BIST 9.420
DOLAR 34,37
EURO 36,33
ALTIN 2.832,00
HABER /  GÜNCEL

Dink ailesinin itirazına ret!

Dink ailesinin, Hrant Dink'i İstanbul Valiliği'nde uyardıkları ileri sürülen 2 MİT görevlisi hakkında verilen takipsizlik kararına itirazları reddedildi

Abone ol

Sincan 1. Ağır Ceza Mahkemesi Başkanı Süleyman Savut ile üyeler Şenel Altınay ve Jale Tetik'in verdiği kararda, Dink ailesinin şikayeti üzerine Ankara Cumhuriyet Başsavcılığının 2 MİT görevlisi hakkında, "görevi kötüye kullanma" suçundan yürüttüğü soruşturmada takipsizlik kararı verdiği belirtildi.

Kararda, şunlar kaydedildi:

"CMK'nın 172. maddesinde 'Cumhuriyet Savcısı, soruşturma evresi sonunda, kamu davasının açılması için yeterli şüphe oluşturacak delil elde edilememesi veya kovuşturma olanağının bulunmaması hallerinde kovuşturmaya yer olmadığına karar verir. Kovuşturmaya yer olmadığına karar verildikten sonra yeni delil meydana çıkmadıkça, aynı fiilden dolayı kamu davası açılamaz' hükmü yer almakta olup, yeni delil meydana çıkması halinde aynı fiilden dolayı kamu davası açılabileceği muhakkaktır.

Dosya kapsamına göre kovuşturmaya yer olmadığına dair kararın usul ve yasaya uygun olduğu, itiraz nedenlerinin yerinde olmadığı anlaşılmakla, itirazın reddine karar vermek gerekmiştir."
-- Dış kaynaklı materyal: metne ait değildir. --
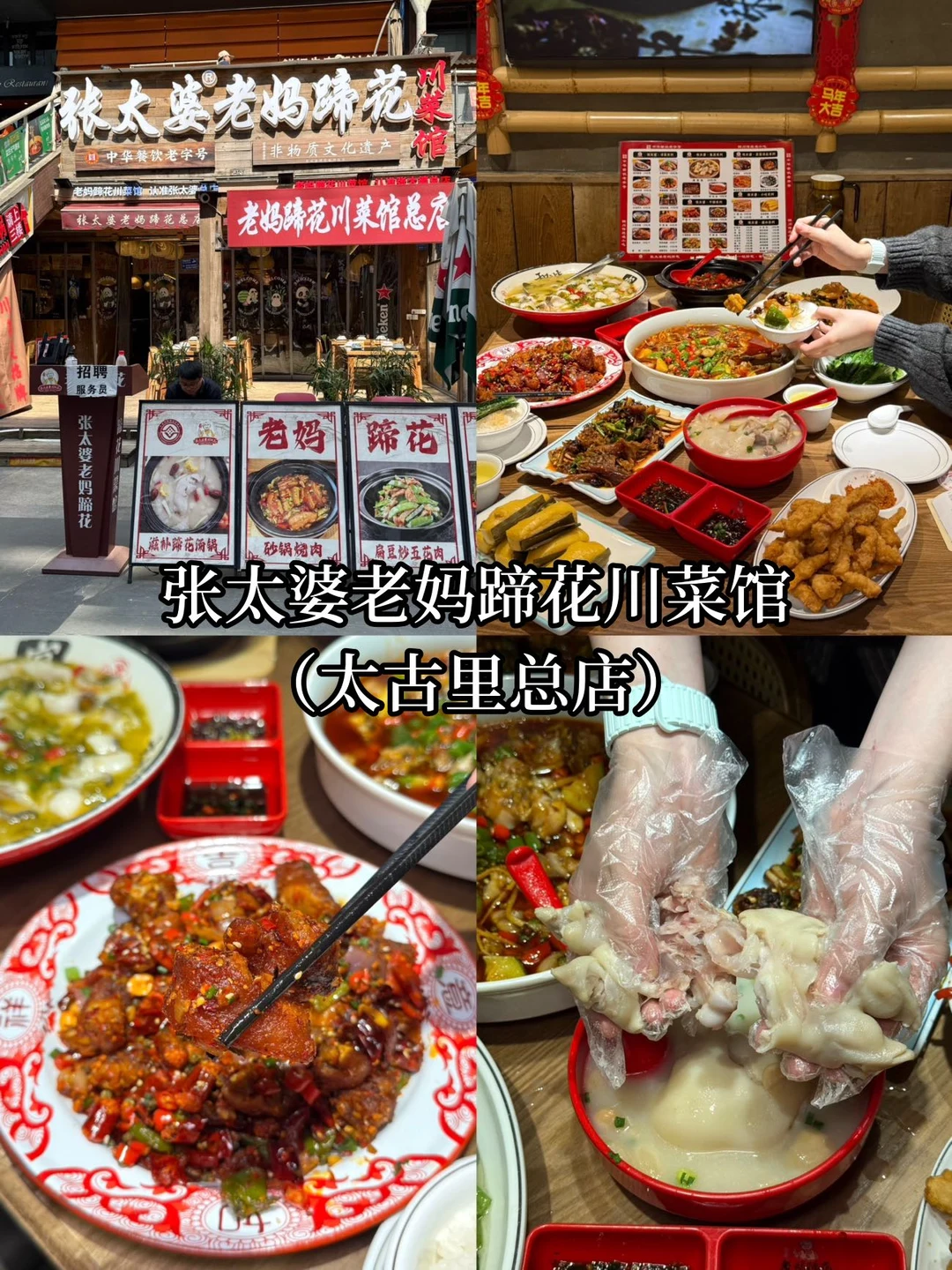 ✅张太婆老妈蹄花川菜馆(太古里总店):太古里旁地道川菜就选张太婆,蹄花慢炖入味,搭配跳水蛙、砂锅肥肠香辣过瘾,紧邻春熙路,逛吃一站式搞定

DİNK AİLESİNİN SUÇ DUYURUSU

Dink ailesi, Agos gazetesinde yayımlanan "Atatürk'ün manevi kızı Sabiha Gökçen'in yetimhaneden alınmış bir Ermeni kızı olduğu" iddiasındaki haber üzerine gazeteci Hrant Dink'i İstanbul Valiliğinde "uyardıkları" ileri sürülen 2 MİT görevlisi hakkında suç duyurusunda bulunmuştu.

Ankara Cumhuriyet Savcısı Murat Demir, soruşturma sonucunda, "şüphelilerin eylemlerinin görevi ihmal ve görevi kötüye kullanma mahiyetinde olduğu, ancak ceza zaman aşımı süresinin dolması nedeniyle 'kovuşturmaya yer olmadığına karar' verildiğini" belirtmişti.

Kararda, suç tarihi olarak, şüphelilerin Dink ile İstanbul Valiliğinde görüştükleri 24 Şubat 2004 esas alınmıştı. Dink ailesi ise bu karara, Sincan Ağır Ceza Mahkemesi nezdinde itirazda bulunarak, "kovuşturmaya yer olmadığına dair kararın" kaldırılmasını istemişti.

İtirazda, şüphelilerin TCK'nın 83. maddesinde düzenlenen "Kasten öldürmenin ihmali davranışla işlenmesi" suçu gereğince cezalandırılmaları talep edilmişti.

Suç tarihinin 19 Ocak 2007 ve öncesi olması gerektiği savunulan itirazda, şunlar kaydedilmişti: "Şüphelilere isnat edilen suç (ani) anlık bir suç değil temadi eden bir suçtur. Savcılık, suç tarihi olarak, şüphelilerin Hrant Dink ile İstanbul Valiliğinde görüştükleri tarihi, yani 24 Şubat 2004'ü esas almış, şüphelilerin hukuka aykırı hareketlerinin meydana getirdiği sonucun bu tarihte son bulduğunu varsaymıştır. Oysa şüphelilerin suç oluşturan (ihmali) hareketleri, Hrant Dink'in öldürüldüğü 19 Ocak 2007'ye kadar devam etmiştir. Yani temadi bu tarihe kadar devam etmiştir."